I've been asked to find the cumulative distribution function of :
$$f(x) = \begin{cases} c(1-x^2) & -1.5 \le x \le 2 \\ 0 & \text{otherwise} \end{cases}$$
I'm attempting to understand the intuition of applying the cumulative distribution function from above question question.
I made use of following questions/answers/references :
to find the distribution function
Find C and the distribution function
https://en.wikipedia.org/wiki/Probability_density_function
The cumulative distribution function will be ? :
$$F(x)=\int_0^x{c(1-x^2)}dx$$
From the cumulative distribution function how to find find $P(-.5 \lt X \le .75)$ ?

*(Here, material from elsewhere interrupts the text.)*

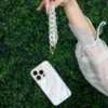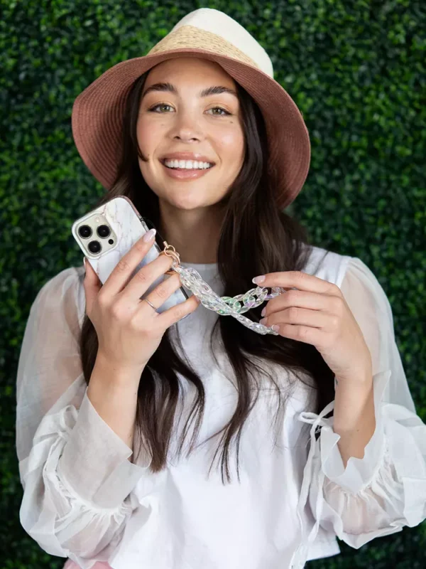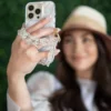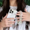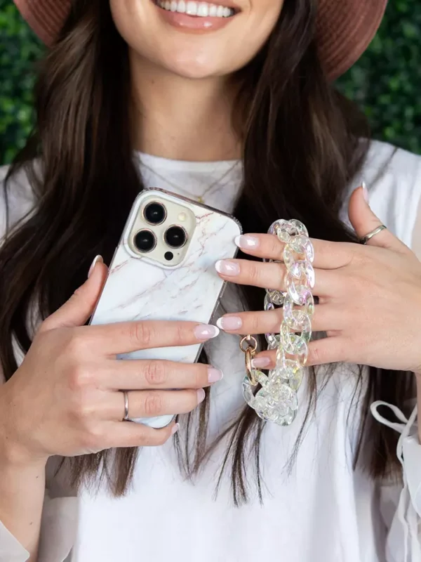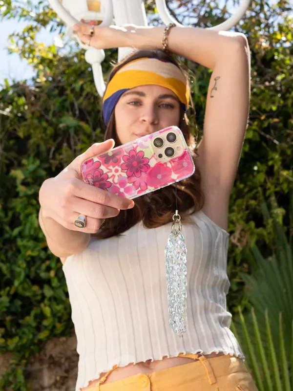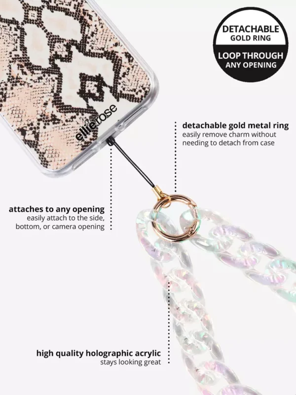 Stay on-trend with our stylish phone charm! Loops through any opening on any phone case to provide an instant style upgrade. This cute charm can slide over your wrist for easy access to your phone, but keep in mind this phone charm is decorative and not designed to withstand extreme weight or force.

To avoid confusion, use $F(x)=\int_0^x c(2-s)^3\mathsf d s$
Now, $\int c (2-s)^3\mathsf ds=\dfrac{-c (2-s)^4}{4}$, so
$$F(x)=\dfrac{-c}{4}{\Big[(2-s)^4\Big]}_{s=0}^{s=x}\mathbf 1_{x\in(0;\underset{?}{\tiny\boxed{3}})}+\mathbf 1_{x\in [\underset{?}{\tiny\boxed{3}};\infty)}$$
Though, as DrHab notes, the given function is negative over the latter part of its domain, so cannot be a probability density function. That 3 is likely a typographical error; perhaps it is mean to be 2?.